If my understanding is correct, than the Collatz conjecture could only be false if there is at least two closed cycle in it or if there is a number which increases without bound.
$3x-1$
We know that in this case we have multiple loops!
Lets compare the 1->4->2->1 and the 5->7->5 loop.
For every odd number we can find every "previous" odd number that are goint to result in that number using the $\frac{x\cdot2^n+1}{3}$ formula.
Let A be the set of those numbers which are going to reach 1.
$\frac{1\cdot2^1+1}{3}=1$ //goes back to itself
$\frac{1\cdot2^3+1}{3}=3$ //multiple of 3 so it won't have any previous odd value
$\frac{1\cdot2^5+1}{3}=11$
$\frac{1\cdot2^7+1}{3}=43$
$\frac{1\cdot2^{9}+1}{3}=171$ //multiple of 3 so it won't have any previous odd value
$\frac{1\cdot2^{11}+1}{3}=683$
We can see that third of our numbers won't continue but the others would in the same way.
Let B be the set of those numbers that are going to reach 5.
$\frac{5\cdot2^2+1}{3}=7$
$\frac{5\cdot2^4+1}{3}=27$ //multiple of 3 so it won't have any previous odd value
$\frac{5\cdot2^6+1}{3}=107$
$\frac{5\cdot2^8+1}{3}=427$
$\frac{5\cdot2^{10}+1}{3}=1707$ //multiple of 3 so it won't have any previous odd value
$\frac{5\cdot2^{12}+1}{3}=5461$
We can see that third of our numbers won't continue but the others would in the same way.
We can see that A and B are quite simmilar but whilst in A after 1 we won't have any more previous elements in B we will have more elements after 7. So B is bigger than A with all the elements after 7.
$\frac{7\cdot2^1+1}{3}=5$
$\frac{7\cdot2^3+1}{3}=19$
$\frac{7\cdot2^5+1}{3}=75$ //multiple of 3 so it won't have any previous odd value
$\frac{7\cdot2^7+1}{3}=299$
$\frac{7\cdot2^{9}+1}{3}=1195$
$\frac{7\cdot2^{11}+1}{3}=4779$ //multiple of 3 so it won't have any previous odd value
We can see that third of our numbers won't continue but the others would in the same way.
For every element in A there will be 2 elements in B. That means that B is 2 times bigger than A. This is perfectly fine since the set of Natural numbers can have 2 infinite subsets where one is finitely bigger than the other.
$3x+1$
For every odd number we can find every "previous" odd number that are goint to result in that number using the $\frac{x\cdot2^n-1}{3}$ formula.
Let A be the set of those numbers which are going to reach 1.
$\frac{1\cdot2^2-1}{3}=3$ //goes back to itself $\color{red}{ \text{ this must be ... } =1 }$
$\frac{1\cdot2^4-1}{3}=5$
$\frac{1\cdot2^6-1}{3}=21$ //multiple of 3 so it won't have any previous odd value
$\frac{1\cdot2^8-1}{3}=85$
$\frac{1\cdot2^{10}-1}{3}=341$
$\frac{1\cdot2^{12}-1}{3}=1365$ //multiple of 3 so it won't have any previous odd value
Let B be the set of those numbers which are going to increase without bound.
As the 5->7->5 loop shows after each step the set B would become bigger than the set A.
After every step we would have a number and with those numbers previous elements B would be bigger than A.
After the first step B would be 2 times bigger than A.
After the second step B would be 3 times bigger than A.
When we say that our element increases without bound it means that it won't ever form a cycle or reach 1. But then that would mean that B would becomes infinite times bigger than A. We know that the set of Natural numbers cannot have two infinite subsets where one subset is infinite times bigger than the other.
I hope my logic and resoning makes sence.
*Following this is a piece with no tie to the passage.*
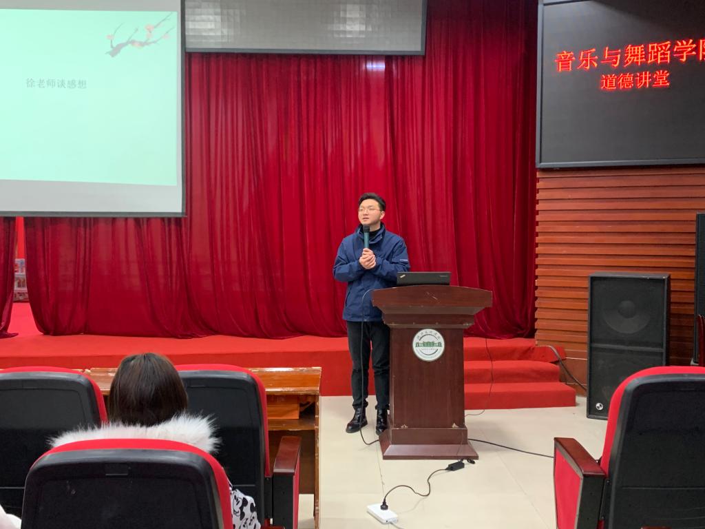 本期道德讲堂主讲人为学校第四批“格桑花”支教团队队长、音乐舞蹈学院学工办主任徐小浩老师。活动分向“德”鞠躬、开场三问、唱歌曲、诵经典、学模范、发善心、送吉祥、做善事等八个环节。

I would appriciate any comment or feedback even if my logic is wrong.
" After the first step B would be 2 times bigger than A.
After the second step B would be 3 times bigger than A.
When we say that our element increases without bound it means that it won't ever form a cycle or reach 1. But then that would mean that B would becomes infinite times bigger than A. We know that the set of Natural numbers cannot have two infinite subsets where one subset is infinite times bigger than the other."
This is mistaken. It isn't true that if we have two sequences of sets $\{A_n\} $ and $\{B_n\}$ where $\frac{|A_n|}{|B_n|}$ increases without bound that in the limit $A_\infty $ is 'infinitely bigger than' $B_\infty $. Consider instead of what you constructed the two sequences of sets $A_n$ = the first $n$ even numbers and $B_n$ = the first $n^2$ even numbers. At each step $|B_k|$ becomes larger than $|A_k|$ without bound, but in the limit they're the same set. In general ratios of cardinality/size aren't preserved in such an easy way when we move to the infinite world.